Capstone: Building a Customer Support Digital FTE
You have learned every pattern in the OpenAI Agents SDK toolkit. Now you prove mastery by building something you could sell.
Customer support is a $15+ billion market where businesses spend 60-70% of their support budget on labor. A Digital FTE that handles Tier 1 support---FAQs, billing questions, basic troubleshooting---at $500-2,000/month versus $4,000-8,000/month for a human representative represents genuine value.

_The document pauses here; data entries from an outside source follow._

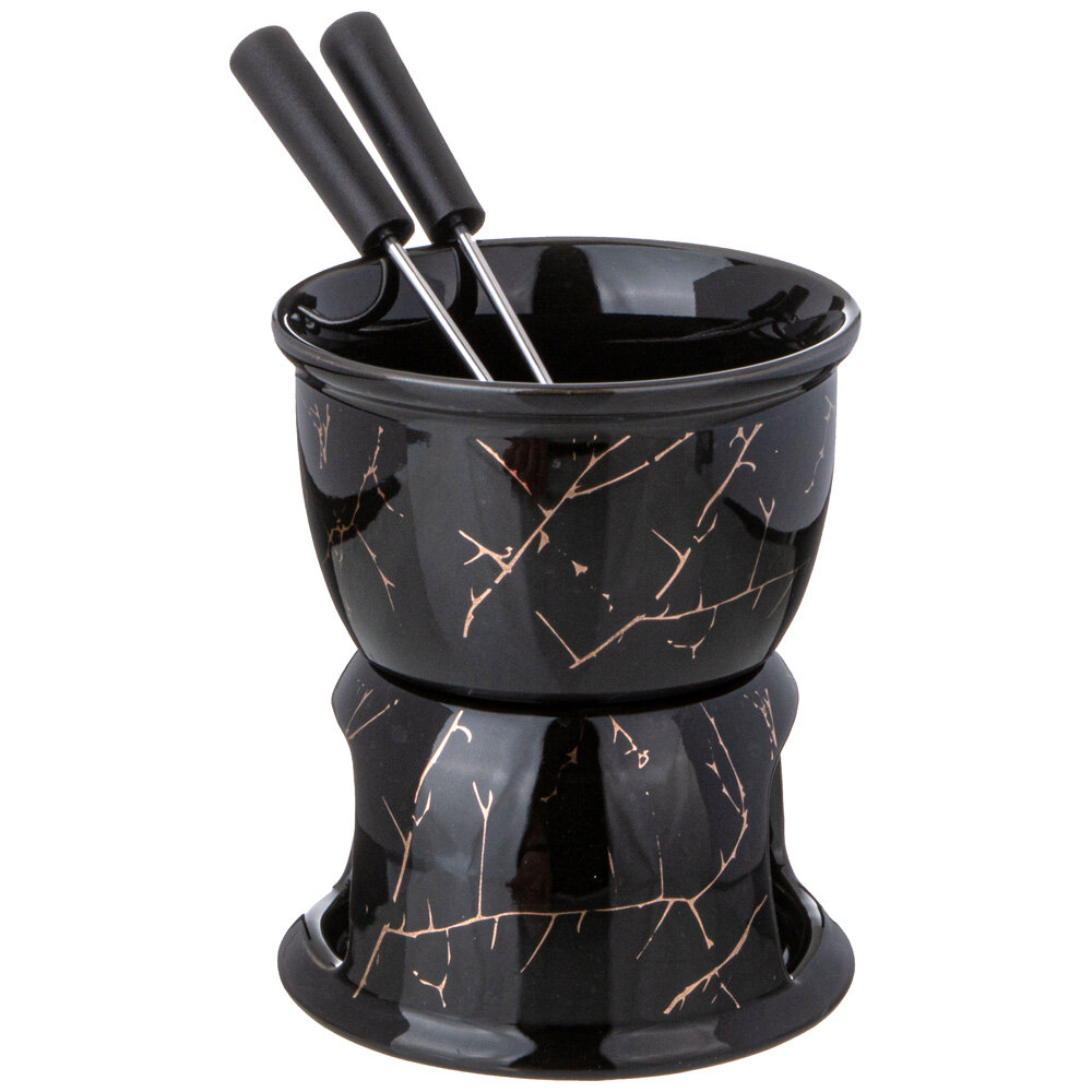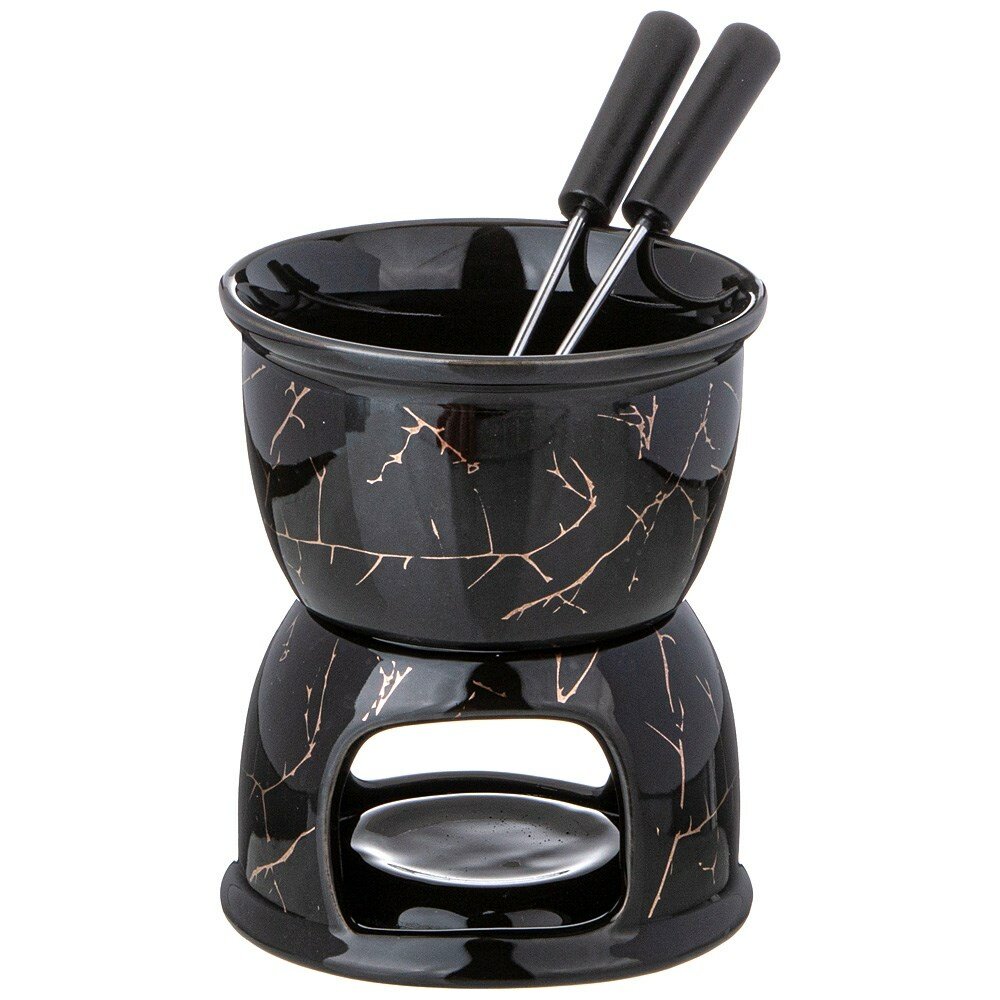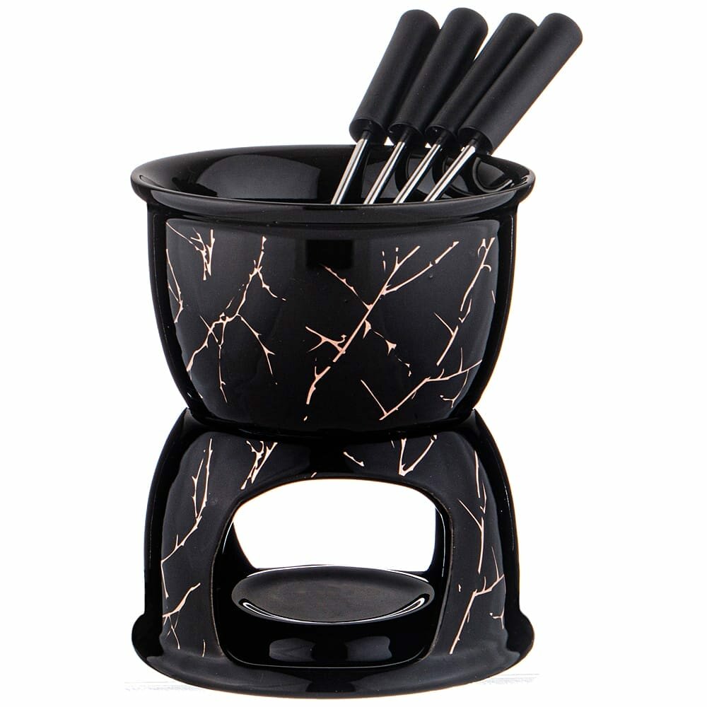 Купить Набор для фондю Lefard / Лефард Золотой Мрамор с утолщенным дном, из жаропрочной керамики, цвет черный с рисунком, 270мл, 6 предметов
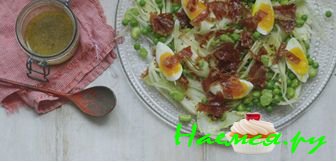► Бланшируйте бобы в кипящей воде 3-Д минуты до мягкости. Бросьте в миску с ледяной водой, откиньте. Вылущите бобы из стручков. Добавьте к горошку и отставьте в сторону.
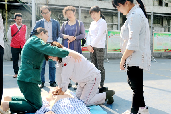 活动在志愿者们重温红十字誓词的宣言中拉开序幕。随后,来自我院内科、外科、妇科、康复科、精神科及急诊科的多位专家在现场为辖区居民免费进行了血压、血糖测量和健康咨询。我院急诊科的护士还为辖区居民和志愿者进行了应急救护培训。通过现场示范操作,提高市民在遭遇突发情况后的应急处置能力。活动现场还免费发放了健康宣传资料和近两万元的常用药品。
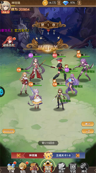 「征战闯关」作为核心剧情玩法,采用回合制自动战斗模式,合理搭配阵营可激活额外BUFF,是前期获取经验、金币与养成材料的主要来源。
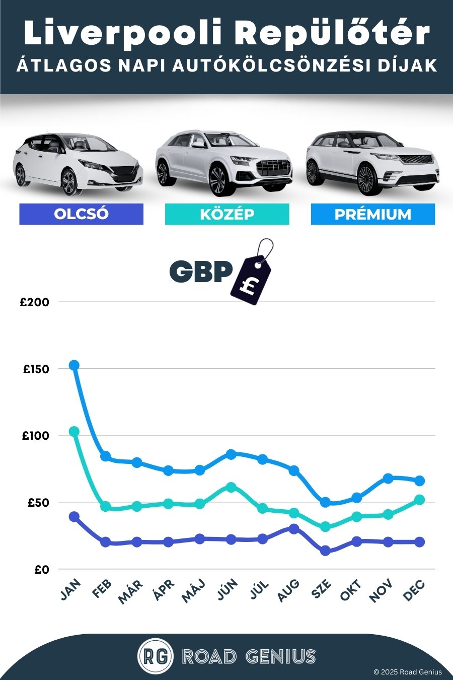 Átlagosan az autóbérlés Liverpool Airport-on körülbelül 51 € naponta kerül, a legolcsóbb bérleti díjak pedig 14 €-tól indulnak naponta.
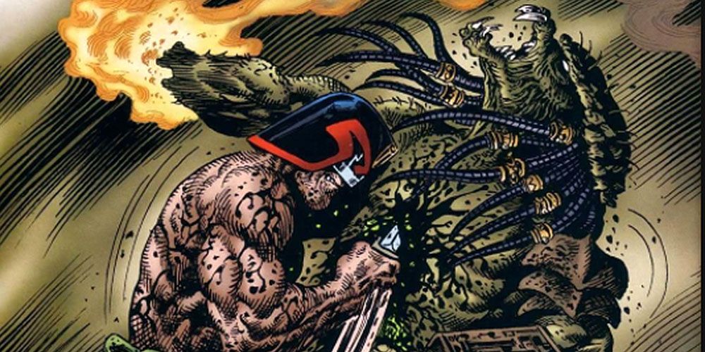 Mientras que Depredadores enfrentándose al Juez Dredd se siente como una pareja natural, la inclusión de Alienígenas en la mezcla se siente forzada y un poco chiflada. Dredd se enfrenta a un científico loco que ha empezado a unir el ADN xenomorfo para crear un ejército que invadirá y destruirá Mega City One.
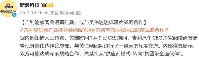 电动知家消息,2026年1月12日,据多家媒体报道,美国时间1月9日,CES期间,吉利汽车集团CEO淦家阅带领研发高管团队现身英伟达硅谷总部,与黄仁勋团队进行了长达一整天的闭门会谈。据内部知情人士透露,此次会面并非礼节性拜访,双方关系将从简单的“供应商模式”转向更深入的“集团级全面伙伴关系”。
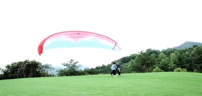 由于柃蜜小镇北靠白崖山,南临九曲河湾,地势平坦,视野开阔,加上风向稳定、气流舒缓,特开设遨游翔滑伞项目,领略鸟儿一般飞翔的自由,穿梭云端,在空中俯瞰柃蜜小镇的壮丽景观。
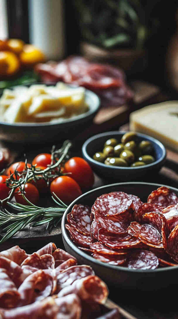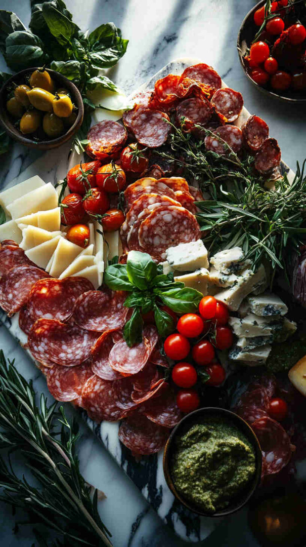 No-cook Italian starter with cured meats, cheeses, marinated veggies, and olives for easy entertaining and bold flavor.
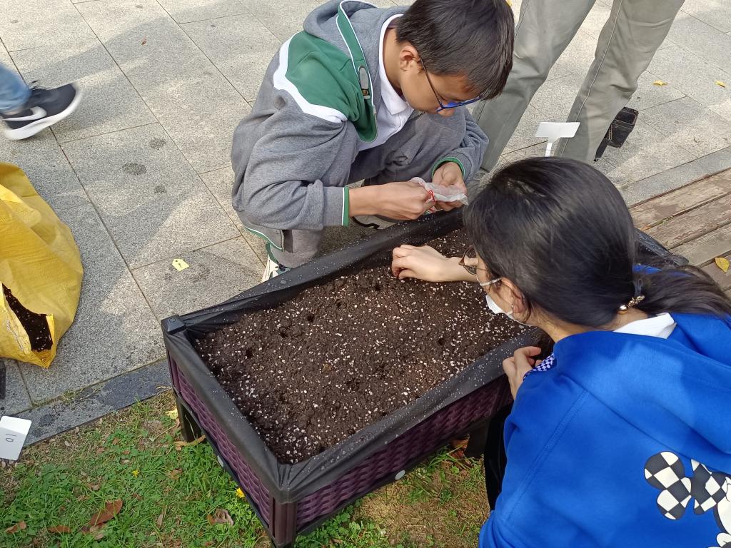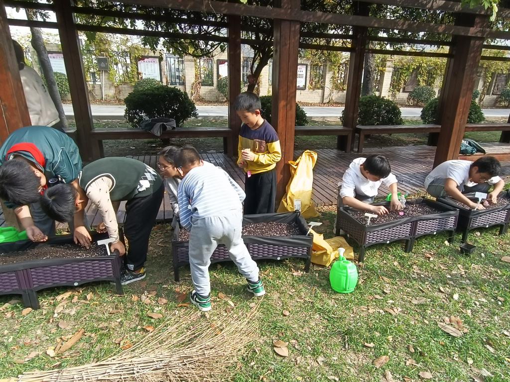 在种植劳动教育中,志愿者带领同学们共种植了12组小麦。经过浸种、催芽等步骤后,同学们在种植箱中用点播的方式进行了播种。不料播种后的半周恰逢南京降温,连连阴雨。播种后的那次活动,同学们赶忙拉着志愿者去看看他们的小芽,生怕它们经不起风吹雨打。同学们说种植小麦让他们变得时时刻刻都在关注天气,有时间就想去种植园溜达一圈看看自己的苗,可算是体会到了农民伯伯们的心情。

This capstone is different from a tutorial. There's no step-by-step code to copy. Instead, you'll receive:
- Architecture to guide your design
- Requirements to specify what you must build
- Lesson references pointing back to the patterns you learned
- Validation checklist to verify your implementation
- Business strategy to monetize your creation
By the end, you'll have a production-ready Customer Support Digital FTE that demonstrates mastery of this chapter.
System Architecture
Your Digital FTE follows this architecture:
User Message
│
▼
┌─────────────────────────────────────────┐
│ INPUT GUARDRAILS │
│ ┌─────────────┐ ┌─────────────────┐ │
│ │ PII Check │ │ Injection Check │ │
│ └─────────────┘ └─────────────────┘ │
└─────────────────────────────────────────┘
│ (if passes)
▼
┌─────────────────────────────────────────┐
│ TRIAGE AGENT │
│ Routes based on intent analysis │
│ Tools: lookup_customer │
└─────────────────────────────────────────┘
│
├──── FAQ? ────► FAQAgent ─────────────────►┐
│ │ │
│ ▼ │
│ ┌──────────────────┐ │
│ │ KNOWLEDGE BASE │ │
│ │ (FileSearchTool)│ │
│ │ - Policies │ │
│ │ - FAQs │ │
│ │ - Product docs │ │
│ └──────────────────┘ │
│ │
├── Billing? ──► BillingAgent ─────────────►│
│ │ │
│ └─► EscalationAgent ────►│
│ │
└─ Technical? ─► TechnicalAgent ───────────►│
│ │
└─► EscalationAgent ────►│
│
▼
┌─────────────────────────────────────────┐
│ OUTPUT GUARDRAILS │
│ ┌──────────────────────────────────┐ │
│ │ Secrets/PII Leakage Detection │ │
│ └──────────────────────────────────┘ │
└─────────────────────────────────────────┘
│
▼
┌─────────────────────────────────────────┐
│ SESSION STORAGE │
│ SQLiteSession for persistence │
└─────────────────────────────────────────┘
│
▼
User Response (with tracing)
Component Requirements
Build each component using patterns from the specified lessons:
1. Context Model
Requirements:
- Track customer identification (ID, email, plan)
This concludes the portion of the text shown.